- _Stored data_:
────────────────────────────────────────
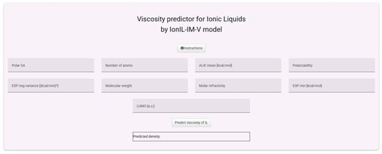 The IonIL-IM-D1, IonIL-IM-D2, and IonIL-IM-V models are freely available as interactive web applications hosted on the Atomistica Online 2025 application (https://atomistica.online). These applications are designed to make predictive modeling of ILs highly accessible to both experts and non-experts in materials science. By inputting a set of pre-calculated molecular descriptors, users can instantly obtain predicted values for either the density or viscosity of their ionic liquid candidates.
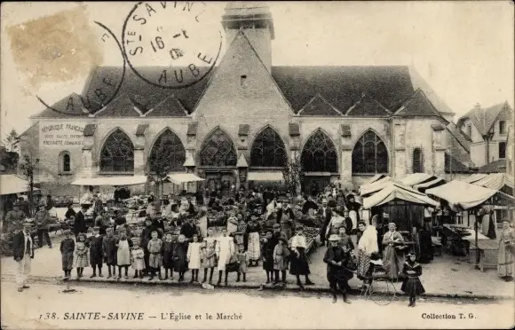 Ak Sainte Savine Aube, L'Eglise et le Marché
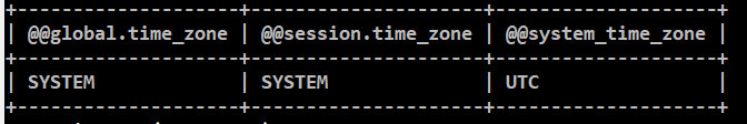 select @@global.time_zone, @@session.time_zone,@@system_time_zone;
────────────────────────────────────────
- _Task brief_:
All lines from the one containing "Ak Sainte Savine Aube, L'Eglise et le Marché" through the end of the data are to be restated exactly, with nothing else and without the pictures.

- _Answer to the problem_:
 Ak Sainte Savine Aube, L'Eglise et le Marché
 select @@global.time_zone, @@session.time_zone,@@system_time_zone;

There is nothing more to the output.